I stared at her from my seat, barely even noticing as all the flowers and leaves I’d picked from the herbs regrew right in front of me.

‘There’s no need for that reaction, it’s just a name. Our ancestors had a tendency towards the dramatic.’ She picked up the watering can to drench the herbs as they bloomed. ‘The Becoming is simply a brief ceremony, a sort of initiationritual, performed on the full moon closest to a witch’s seventeenth birthday as she comes into the fullest expression of her magic.’

‘Sounds completely chill,’ I replied. ‘Totally normal and not weird at all.’

‘How lucky I am to be raising the first Bell witch in existence to call the Becoming “chill”,’ Catherine said drily. ‘My Becoming was one of the best days of my life and yours will be even more beautiful. Did you know you were born under a full moon?’

I shook my head, I did not.

‘And it just so happens, the full moon falls on June twenty-first again this year. Your Becoming ceremony will take place on your birthday.’

‘Is that good?’ I asked, gulping down a nervous breath.

‘It’s very good.’

Catherine had left one plant on the table. The aconite. Its blue flowers trembled in the sun then exploded, a storm of indigo carpeting the whole garden. One of the petals landed on my arm, leaving a bell-shaped mark.

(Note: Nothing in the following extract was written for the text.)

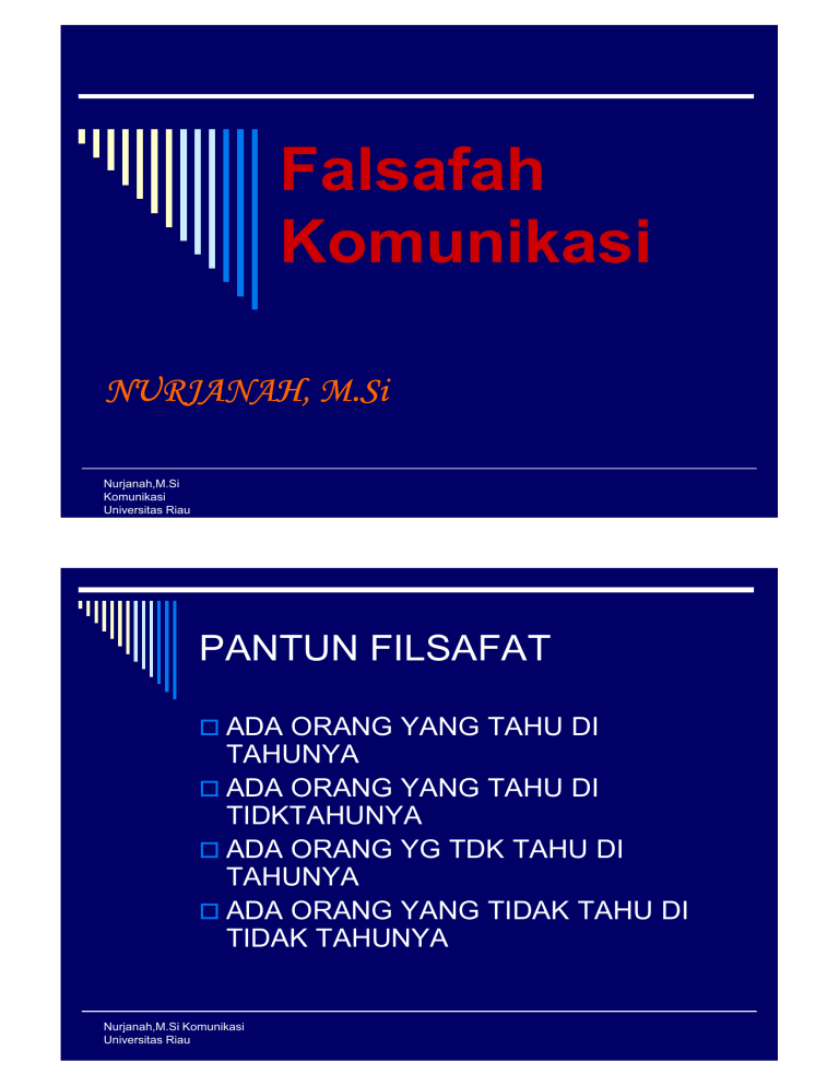 Falsafah Komunikasi NURJANAH, M.Si Nurjanah,M.Si Komunikasi Universitas Riau PANTUN FILSAFAT ADA ORANG YANG TAHU DI TAHUNYA ADA ORANG YANG TAHU DI TIDKTAHUNYA ADA ORANG YG TDK TAHU DI TAHUNYA ADA ORANG YANG TIDAK TAHU DI TIDAK TAHUNYA Nurjanah,M.Si Komunikasi Universitas Riau BGM CARANYA AGAR MENDAPAT PENGETAHUAN YG BENAR? 1. KETAHUILAH APA YG KAU KETAHUI 2. KETAHUILAH APA YG TDK KAU KETAHUI 1.PENGETAHUAN 1.PENGETAHUAN DIMULAI DG RASA INGIN TAHU 2.KEPASTIAN 2.KEPASTIAN DIMULAI DG RASA RAGURAGU-RAGU 3.FILSAFAT 3.FILSAFAT DIMULAI DG KEDUAKEDUANurjanah,M.Si Komunikasi DUANYA Universitas Riau Dasar Pengetahuan Penalaran : kemampuan bernalar menyebabkan manusia mampu mengembangkan pengetahuan yg merupakan rahasia kekuasaannya. Scr simbolik manusia memakan buah pengetahuan lewat adam dan hawa. Stelah itu manusia hrs hidup berbekal pengetahuan itu. Dia mengetahui mana yg benar mana yg salah, mana yg baik mana yg buruk, mana yg indah mana yg jelek. Scr terus menerus dia dipaksa utk mengambil pilihan. Dlm melakukan pilihan manusia berpaling kpd ilmu pengetahuan Nurjanah,M.Si Komunikasi Universitas Riau Manusia mampu mengembangkan pengetahuan disebbkan 2 hal: Manusia mempunyai bahasa yg mampu mengkomunikasikan informasi dan jalan fikiran yg melatarbelakangi informasi itu. Kemampuan berfikir menurut suatu alur kerangka berfikir tertentu. Penalaran adalah proses berfikir dlm menarik sesuatu kesimpulan yg berupa pengetahuan Nurjanah,M.Si Komunikasi Universitas Riau BERFILSAFAT BERARTI BERENDAH HATI BHW TDK SEMUANYA AKAN KT KETAHUI DLM KEMESTAAH YG TAK TERBATAS MENGOREKSI DIRI Nurjanah,M.Si Komunikasi Universitas Riau BERFILSAFAT TTG ILMU BERARTI : BERTERUS TERANG PD DIRI KT SENDIRI TTG • APAKH SEBENARNYA YG SY KETAHUI TTG ILMU? • APKH CIRI-CIRINYA YG MEMBEDAKAN ILMU DG PENGETAHUAN LAINNYA? • BGMN SY KETAHUI BHW ILMU MERUPAKAN PENGETAHUAN YG BENAR? • KRITERIA APA YG KT PAKAI DLM MENENTUKAN KEBENARAN SCR ILMIAH? • MGP MESTI MEMPELAJARI ILMU? Nurjanah,M.SiKT Komunikasi Universitas Riau Falsafah sbg landasan teoritis Kata Filsafat dari bhs Yunani “Philosopia” Philo atau philien artinya “cinta” Sophia artinya :kebenaran” Scr istilah filsafat berarti: mencintai kebenaran. Dlm upaya mencapai suatu kebenaran dg kesadaran penuh di dlm perbuatannya Nurjanah,M.Si Komunikasi Universitas Riau Lanjutan8.. Pembahasan filsafat : sbg pandangan hidup, asas atau pendirian: (suatu nilai kebenaran yg dpt diterima dan diyakini sbg pandangan hidup, prinsip2, dan pedoman yg berkaitan dg filsafat etika, kode prilaku, kode profesi, tindakan etis scr moral dan norma2 atau kaedah2 yg berlaku dimsyrakat. Landasan pemikiran: (bersumber pd kebijaksanaan moral ttg segala sesuatu yg akan dan hrs diterapkan dlm praktek. Nurjanah,M.Si Komunikasi Universitas Riau Falsafah Komunikasi Persuasif Berangkat dr 3 pertanyaan: 1. Apa yang dikaji oleh ilmu ini? (Ontologi) 2. Bagamana cara memperoleh pengetahuan? (Epistemologi) 3. Untuk apa pengetahuan ini digunakan.(Aksiologi) Nurjanah,M.Si Komunikasi Universitas Riau Cabang filsafat Komunikasi Persuasif antara lain: ONTOLOGI EPISTIMOLOGI AKSIOLOGI Nurjanah,M.Si Komunikasi Universitas Riau Ontologi dlm kaitannya dg k’kasi persuasif Sampai tingkat mana manusia menentukan pilihannya scr realistis? (perilaku manusia pd dasarnya ditimbulkan olh kondisi awal yg bersifat reaktif dan pasif) Sampai tingkat mana manusia memahami ttg perbedaan apa yg dinyatakan dan yg dicirikan (manusia bersifat dinamis) Nurjanah,M.Si Komunikasi Universitas Riau Sampai taraf mana perbedaan pengalaman individu dan pengalaman sosial manusia? Sampai tingkat mana pengkontekstualisasian komunikasi? (dg menggunakan prinsip universal dan situasional) Nurjanah,M.Si Komunikasi Universitas Riau Ontologi adalah ilmu yang membahas tentang hakikat yang ada, yang merupakan ultimate reality baik yang berbentuk jasmani/konkret maupun rohani/abstrak (Bakhtiar, 2004) Ontologi menjawab : pertanyaan ttg hakekat yg dikaji oleh ilmu (bgmn cara memperoleh pengetahuan) Nurjanah,M.Si Komunikasi Universitas Riau Hakekat yg dikaji dlm k’kasi Interaksi sosial Tujuan: utk mempengaruhi sikap, pendapt dan perilaku org lain melalui kegiatan komunikasi, baik scr verbal maupun non verbal Nurjanah,M.Si Komunikasi Universitas Riau Ontologi (lanjutan2) Menyangkut pertanyaan apa yang dikaji oleh suatu ilmu Hakekat yg dikaji dlm komunikasi adh interaksi sosial Tujuan: mempengaruhi sikap pendpt, dan perilaku org la Nurjanah,M.Si Komunikasi Universitas Riau EPISTOMOLOGI Cara mendapatkan pengetahuan yang benar Aspek epistemologi atau pertanyaan yg berkaitan dg pengetahuan, mempelajari pengetahuan atau bgmn seseorg mengetahui apa yg mrk anggap tahu. Nurjanah,M.Si Komunikasi Universitas Riau Epistemologi dpt dikembangkan melalui pertanyaan Sampai tarap apa pengetahuan dpt eksis sebelum pengalaman (pengetahuan berasal dr pengalaman lewat observasi) Sampai taraf mana pengetahuan bersifat ajeg (pasti): relativisme ilmu Nurjanah,M.Si Komunikasi Universitas Riau Melalui proses apa pengetahuan dpt muncul (melalui persepsi. Pengetahuan merupakan produk dr interaksi simbolik) Apakah pengetahuan disusun dlm bagian per bagian atau secara keseluruhan (kebenaran bersifat umum, pemahamannya menyeluruh yg berhubungan dg fenomena d berjln sbg sebuah sistem) Sampai taraf mana pengetahuan itu ekspilisit (pengetahuan terbentuk dr interaksi antara yg mengetahui dan yg diketahui. Pengetahuan adlh interpretasi Nurjanah,M.Si Komunikasi Universitas Riau AKSIOLOGI Nilai kegunaan ilmu/ Untuk apa ilmu itu dipergunakan Nurjanah, M.Si Nurjanah,M.Si Komunikasi Universitas Riau Aspek Aksiologi Aspek Aksiologi, yaitu komponen pengetahuan/ilmu yang membahas tata guna ilmu pengetahuan, teori tentang nilai yang menjadi azas dalam penggunaan ilmu pengetahuan yang telah diperoleh dari hasil knowing (nalar/berfikir) Nurjanah,M.Si Komunikasi Universitas Riau Kajian Aksiologi: Utk apa pengetahuan itu dipergunakan Utk taraf yg bgmn praktik penelitian berpengaruh terhadap apa yg a

‘Such a fascinating plant,’ Catherine said, watching the red welt fade away. ‘What do you know about it?’

I blew out a steady breath and carefully picked a single leaf from the plant.

‘It first grew from the saliva of Cerberus, the three-headed hound of Hades,’ I recited. ‘It’s one of the most toxic plants on the whole planet, if ingested incorrectly, it can make the heart stop.’

‘And what is its most common name? What do we witches call it and why?’

‘Wolfsbane,’ I said, quiet, disbelieving.